If you go to a commercial or big box gym, you’ve probably seen them. They stride into the free weight section and beeline toward an open squat rack. Casting their gym bag onto the ground, they pop into a bodyweight squat and start rifling through their belongings.
They pluck a pair of fancy lifting shoes from their bag. Then, a pair of knee or elbow sleeves. Oh, there’s chalk in there too. Last but not least (and almost always), this individual will remove a large, sturdy-looking belt from their bag and set it on the ground. You’re watching a serious lifter suit up for a heavy session of barbell training. And their weightlifting belt is the centerpiece of the show.
Weightlifting belts are a ubiquitous, near-indispensable tool for powerlifters, weightlifters, and run-of-the-mill gym rats who love lifting heavy. That said, you don’t have to be a strength competitor to benefit from using one. If you perform strength training for, well, any reason, there’s a lot you stand to gain from belting up. This guide will teach you everything you need to know about the weightlifting belt:
Weightlifting Belt Guide
- What Does a Weightlifting Belt Do?
- How To Use a Weightlifting Belt
- Benefits of Weightlifting Belts
- Who Should Use a Weightlifting Belt
- What To Look For When Buying a Weightlifting Belt
- Frequently Asked Questions
Editor’s Note: The content on BarBend is meant to be informative in nature, but it shouldn’t take the place of advice and/or supervision from a medical professional. The opinions and articles on this site are not intended for use as diagnosis, prevention, and/or treatment of health problems. Speak with your physician if you have any concerns.
Weightlifting belts are a type of assistive equipment that are designed to enhance performance during physical activity. Specifically, lifting weights. The idea behind the belt is, actually, quite simple — your core musculature contracts to stabilize your body against external forces. It is easier to contract a muscle if you give it something to push against, hence the snug support of a belt.

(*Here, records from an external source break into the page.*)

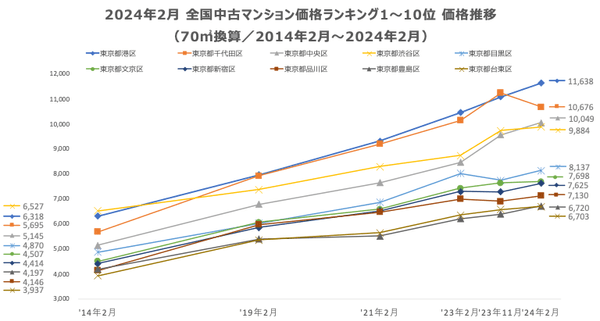 調査。坪単価をベースに70㎡での価格に換算した「中古マンション価格」*1と価格ランキング上位20件について過去10年間の価格推移、および1年前からの価格の上昇率を表す「騰落率」のランキングを発表いたします。
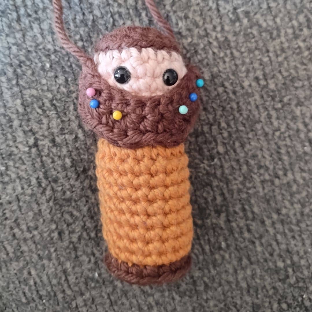 With a 2.75 mm crochet hook and yarn in dark brown.
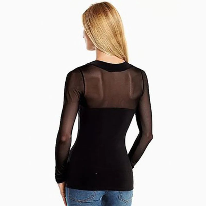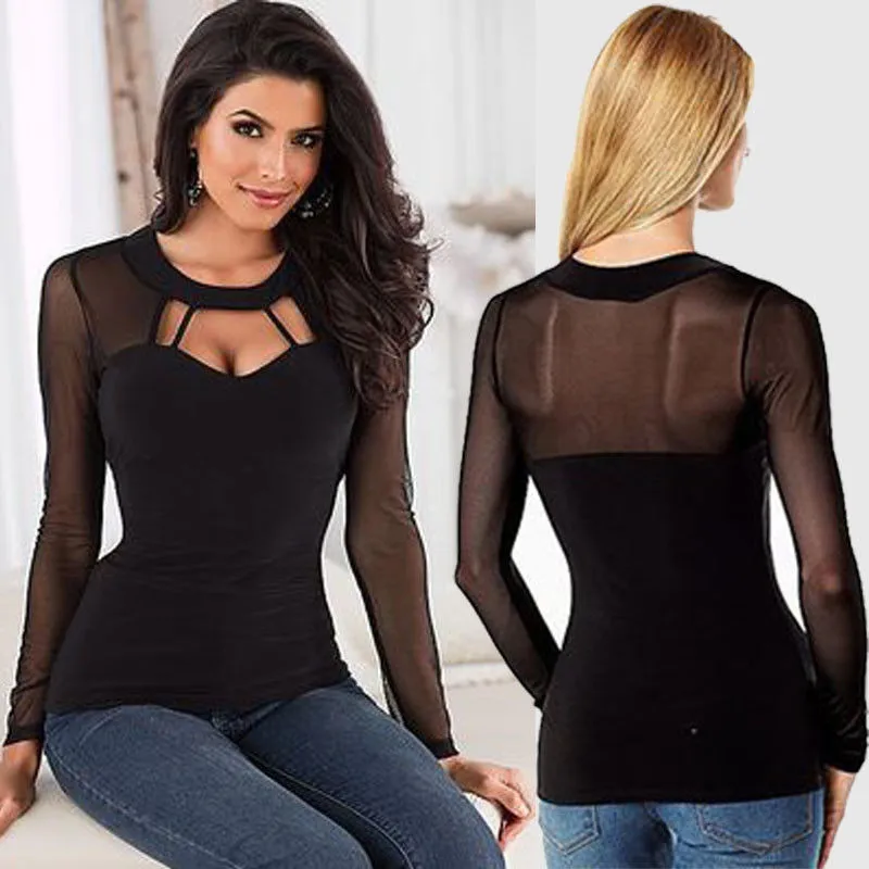 Best Women Sexy Mesh Blouses 2017 Blusas Femininas Long Sleeve O Neck Casual Black Slim See Through Shir
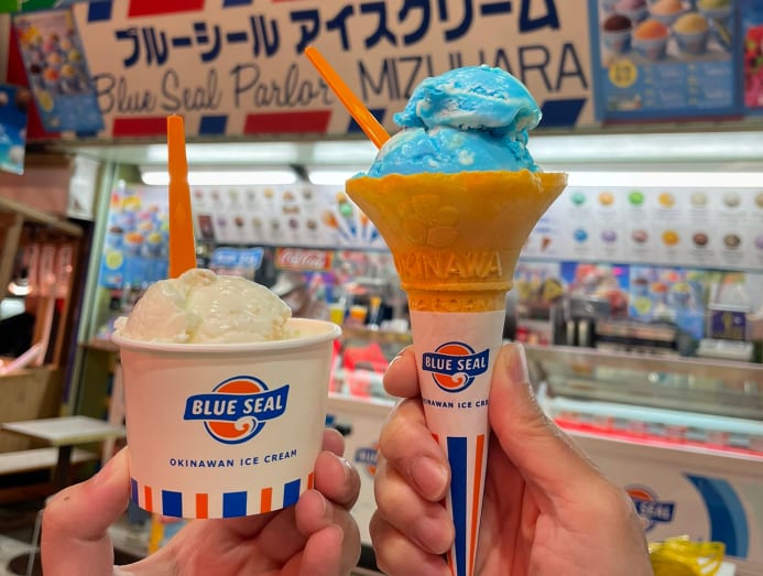 Blue Seal ice cream, with its slogan “Born in America, Raised in Okinawa” is another brand that was introduced by the US military. It started as a company producing dairy products for American military bases in Okinawa, to boost the morale of the troops and give them a familiar taste of home. While initially exclusively available only on US military bases, Blue Seal later made its ice cream available to the Okinawan public.
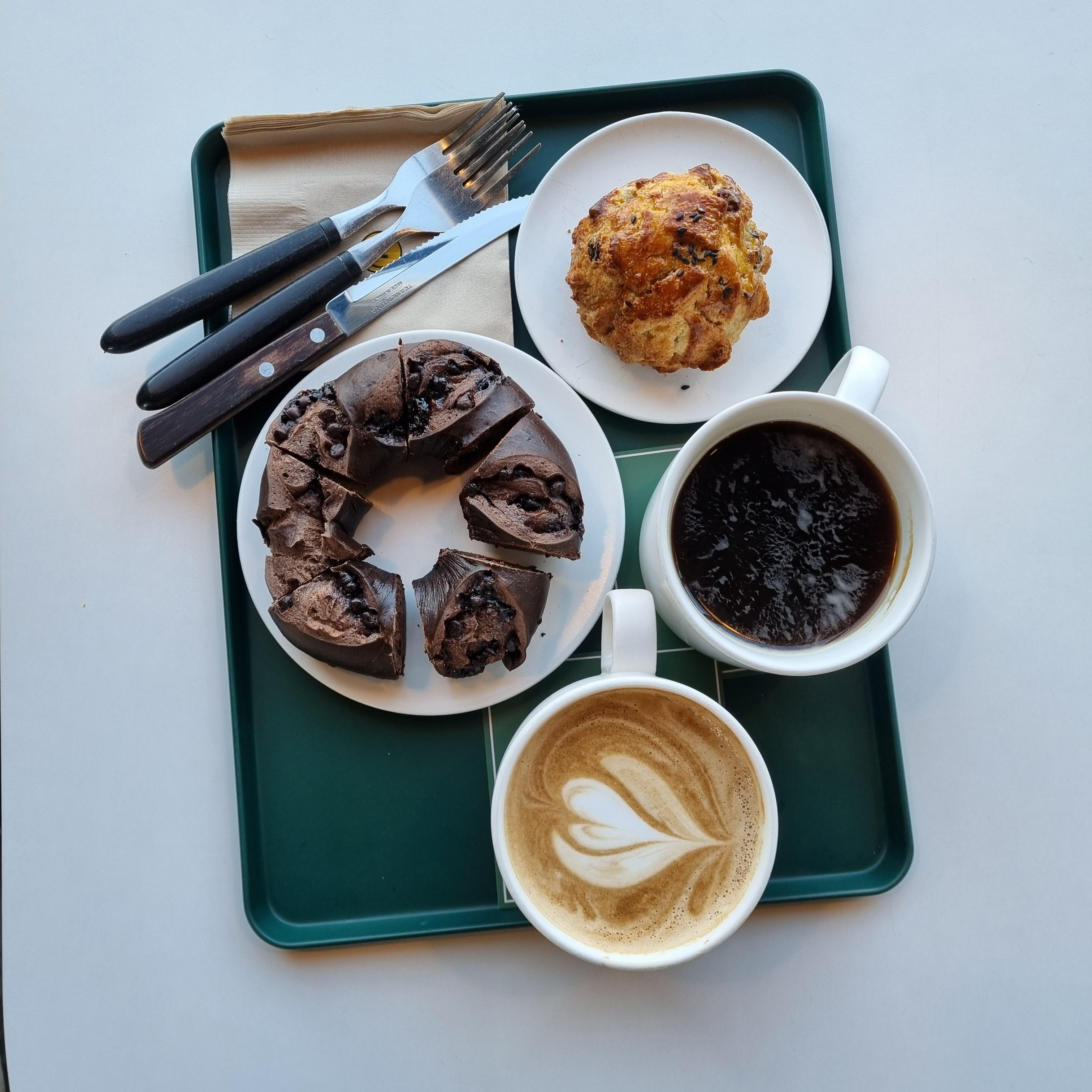 우리는 따뜻한 아메리카노, 라떼, 국진이 빵을 주문하였는데 검정색 초코베이글 처럼 생긴 빵을 주시는거에요....물어보니 서비스라고 하시더라구요😍😍😍 아니 저런거 주시고 남는게 있나요 사장님🤣 중요한건 맛인데 빵도쫀득한건이 초코도 많고 아메리카노와 정말잘어울렸고 국진이 빵도 와이프가 학창시절 생각난다며 즐거워 하는 모습을 보니 굿굿😄내부 모습입니다. 2층은 공간이 훨씬 넓고 아늑한 분위기 였어요 모임 하시는분, 재택업무하시는분, 프로그램작업하시는 분들 등 다양하게 있엇어요 분위기가 편안해서 아닐까요 😄😄😄

Contrary to what you might think, belts are more of a performance-enhancing tool than a preventative measure. One study from the Journal of Strength & Conditioning Research (1) found that, “the use of a weight belt may improve a lifter’s explosive power by increasing the speed of the movement without compromising the joint range of motion or overall lifting technique.”
Safety & Injury Risk
It is commonly believed that wearing a lifting belt reduces the exerciser’s risk of injury. In fact, data show that the vast, vast majority of folks who exercise use belts as a form of preventative care. (2) However, there’s little substantive evidence suggesting that weightlifting belts tangibly reduce injury risk. Findings range from small positive effects on reducing risk of re-injury to potentially even amplifying injury risk due to an increased perception of immunity to harm. (3)
The Bottom Line: Weightlifting belts are used for both performance enhancement and safety, but are generally far more successful at the former than the latter.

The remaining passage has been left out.